Object oriented programming allows for inheritance, allowing objects to inherit from base class: if class B inherits from class A, an instance of B will at least contain the member variables/functions of A plus some extra things that are introduced in the definition of B. That way, you can factor some code rather than rewriting everything you wrote for A into your definition of B. Clearly, if you build a B, you first need to build A and then to customize with the extra things that make a B be a B. As an example, inheriting from the class A above :

class B(A):
    '''
    A dummy class for showing the inheritance syntax
    '''

    def __init__(self, value):
        '''
        The constructor
        '''
        # We call the base class constructor
        A.__init__(self, value)

    def do_another_thing(self):
        # We can call the inherited member functions
        self.do_something_with_it()
        # And also the member variables
        self.my_variable += 1
        print('Hey, my variable changed to {}'.format(self.my_variable))


def main():
    b = B(10)
    b.do_another_thing()

That’s really the basics. You can also override methods in derived classes, you can define special methods like __add__, __getitem__, … so that you can add instances together or allow for the operator [] and there is much more.

Thread-based parallelism

Defining, starting and joining a thread

We all now have multi-core machines that can perform multiple computation at the same time. Threading is the way to allow a process to run multiple possible concurrent computation, i.e. multiple computation “at the same time” that may potentially try to access the same ressources (e.g. memory locations). To write a thread, you can subclass the Thread class and override the run method.
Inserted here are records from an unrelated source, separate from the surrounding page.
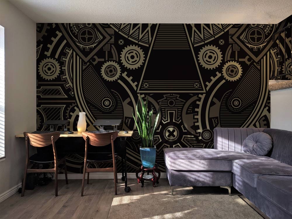 Préparez-vous avec notre papier peint mural Mechanical Gear ! Cette décoration murale complexe sur le thème des engrenages combine une variété d'engrenages, de rouages et de roues qui tournent pour donner du mouvement à votre pièce. Un design unique avec un rendu d'artiste de détails d'engrenages clairs et translucides, vous pouvez transformer votre espace de vie en une caverne d'homme élégante avec ce papier peint mural qui fera tourner les têtes dans le département du style. Disponible dans de nombreuses tailles différentes, ce papier peint est parfait pour tous les murs de votre maison !
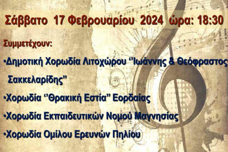 7η Συνάντηση Χορωδιών Ομίλου Ερευνών Πήλιου Posted by Διαχειριστής Ιστοτόπου Στέγης Ελληνικών Χορωδιών Date: 08 Φεβρουαρίου, 2024 in: Φεστιβάλ Leave a comment 69 Views Αναλυτικές πληροφορίες υπάρχουν στην αφίσα.
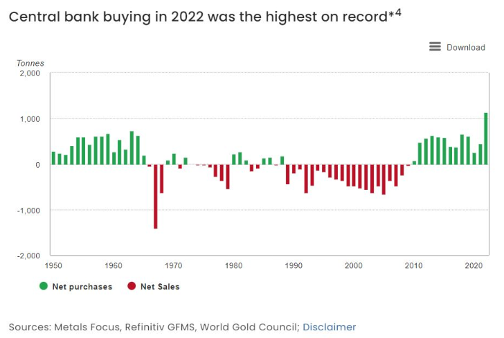 中央銀行による金の純購入量(緑)と純売却量(赤)の推移(1950–2022年)。2022年は記録的な純購入となった。このグラフから、1990年代の欧州勢による大量売却(赤)と、近年の新興国中心の大量購入(緑)への転換が読み取れる。

Let us see an example with a thread computing, say, the factorial of \(n\) and the code thread1.py. So, what is going on in this script ? First we import the requested module

import threading

Then we define our Factorial class, inheriting from threading.Thread

class Factorial(threading.Thread):

As usual, the constructor, if defined, needs to call the base class constructor :

    def __init__(self, n):
        '''
        Constructor
        '''
        threading.Thread.__init__(self)
        self.n = n
        self.res = 1

Then, the computation done within the thread is given in the run method. In order the computation to take a bit more time, we added a dummy sleep.

    def run(self):
        '''
        The compute loop
        '''
        res = 1
        for i in range(1, self.n):
            res *= i
            time.sleep(0.1)
        self.res = res

Then, in the main() function, we build and run the thread:

def main():
    '''
    Query a number and trigger the computation of factorial
    '''
    n = int(input("Which value do you want to compute the factorial ?"))
    [...]
    fact = Factorial(n)
    fact.start()
    [...]

We can wait for the thread to finish its work by calling join. That method, without argument, is blocking, i.e. the thread calling it will wait there until the worker thread finishes. However, we can also give it an optional timeout …

    while True:
        # Display a progress
        [...]
        # Wait except if the thread has finished its job
        fact.join(timeout=0.01)

        # If the thread is no more running, i.e. its computation is done
        # just leave the loop
        if not fact.is_alive():
            break
    print("\nThe result of !{} is {}".format(n, fact.res))

Locking critical sections

In a multi-threaded program, you have to be carefull when the same memory location is either written or read and written by multiple threads at the same time; this is a so-called data race. To prevent this, you must protect so-called critical sections. One of such protection mechanisms are Locks (also called mutex). Locks are acquired with the acquire method and released with the release method. To protect a piece of memory from concurrent access, we do something like:

lock = threading.Lock()
some_data = SomeData()
[...]
lock.acquire()
some_data.do_something()
lock.release()

A lock can be acquired only once at a time. If two threads try acquire the lock, the latest thread will be blocked at the acquire waiting for the lock to be released and then will acquire it. You can also acquire/release a lock with a shorter syntax:

lock = threading.Lock()
some_data = SomeData()
[...]
with lock:
    some_data.do_something()

Python has its eye candy and the with statement allows to avoid the heavy syntax of calling explicitely “acquire” and “release” (actually, it is also less cumbersome than ensuring ourselves that the lock is correctly release in cases where exception can be thrown). For this to work, the lock object has the two methods __enter__ and __exit__ which are doing the job of acquiring and releasing the lock. If the code block executed after the with lock:, namely some_data.do_something() in our case, raises an exception, the __exit__ is called and therefore the lock is released (more on this in the with statement documentation).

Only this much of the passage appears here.